На мгновение Бориска представил заплывшее жиром лицо Кочевы, жестокие глаза Калиты. «Все вы зверюги лютые, перебить вас мало!»
– Дозволь с вами остаться? – попросил он глухо Андрея.
– А Фетинья?
– Единая у нас жизнь…
Андрей тяжело задумался.
– Оставайся, – наконец сказал он. – Ты умелец, поможешь нам волчьи ямы да хитрые засады для кровопивцев строить. Оставайтесь.
БОЙ В ЛЕСУ
Застыли деревья в предутренней мгле. Туман, как дым, стелется над землей, клубится меж стволов высоких сосен. Прокричал и умолк сыч.
Симеон едет на коне узкой тропой рядом с Кочевой, думает с раздражением: «По лесу нельзя без опаски проехать». Покосился недобро на Кочеву: «Блюститель!»
У воеводы еще более обычного лицо налито кровью: может, оттого, что новый серебряный шелом сдавливает ему узкий лоб, новые серебряные латы облепили грудь?
«Наконец-то отец убрал Алексея Хвоста, – продолжает размышлять Симеон, – и хорошо, что земли его Аминю отдал. Убедился, что предатель замыслил тайные сговоры с Рязанью».

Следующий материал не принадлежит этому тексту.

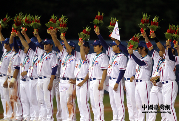 中國(guó)臺(tái)灣網(wǎng)11月20日廣州消息 廣州亞運(yùn)會(huì)棒球決賽19日晚結(jié)束,上屆亞運(yùn)會(huì)冠軍中華臺(tái)北隊(duì)以3:9不敵韓國(guó)隊(duì),衛(wèi)冕失利,獲得銀牌。以亞軍身份站上領(lǐng)獎(jiǎng)臺(tái),中華臺(tái)北棒球隊(duì)的隊(duì)員們難見(jiàn)絲毫笑意,而他們的教練出席新聞發(fā)布會(huì)時(shí),也是一臉嚴(yán)肅。(記者 鐘寶華)
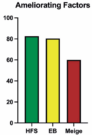 Ameliorating factors were reported by 76.5% of patients (80.4% for those with blepharospasm, 82.6% for those with hemifacial spasm, and 60% for those with Meige’s syndrome) (Figure 6). Rest (45.1%), local compression (34.3%), and cold water (9.8%) were the most frequently cited. Apart from local compression, additional 13 (12.8%) patients reported employing a sensory trick as an ameliorating factor, including singing (4.9%), concentrating on a pleasant activity (3.9%), speaking (2%), and whistling (2%).

Хвоста как-то поутру нашли на московской площади с проломленным черепом, немного не успел в Рязань сбежать. Князь приказал объявить по Москве: «Алексей от своей дружины пострадал».
Симеон усмехнулся: «Известна та дружина… Да и поделом подстрекале! Ему бы хотелось вернуть время, когда каждый боярин мнил себя властителем, а князья-спесивцы лишь о своих интересах пеклись. Вон на щите суздальцев лев изображен, стоит на задних лапах. И каждый, вроде Алексея, львом себя считал, хотя сам только хвост львиный».

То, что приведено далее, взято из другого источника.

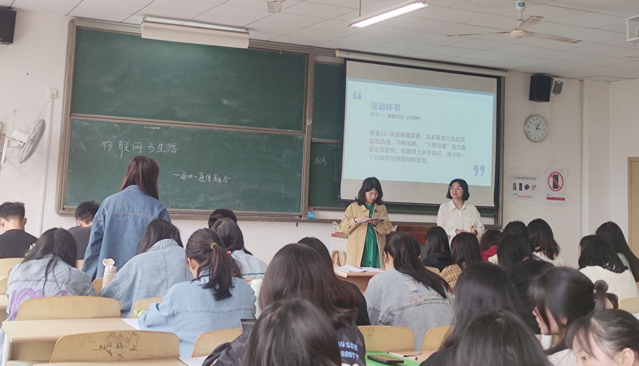 为了促进“专业+通识”的融合发展,培养跨学科复合型人才,4月3日下午,通信与信息工程学院专业基础教研室的吴萍老师和通识教学部黄延果老师联合开展了“学科交叉、双师合作”的教学活动,她们在5301教室共同带领2022级财经管理专业的同学们用不同的视角去发现生活中的“物联网”应用。这样的教学模式,是对教师的教学思维、方法和能力的一次全新考验。

Симеон усмехнулся неожиданной игре слов, вспомнил, как в детстве, когда мимо проходил Алексей, шептал ему вслед, но так, чтобы тот услышал: «Подожми хвост!»
Возникли одна за другой картины детства: игры на кремлевском дворе, прощание с отцом перед его отъездом в Орду, босоногая Фетинья в цветном сарафане…
С отроческих лет занимала она его мысли, не однажды видел ее во сне, неотступно следил за ней издали, знал о ее встречах с Бориской и за то бешено ненавидел его. И когда отец сослал Фетинью в монастырь, Симеон даже обрадовался. Стало как-то легче – пусть ничья, если не его!
В семнадцать лет оженили Симеона на литовской княжне Августине, да так и осталась она нелюбой, нежеланной.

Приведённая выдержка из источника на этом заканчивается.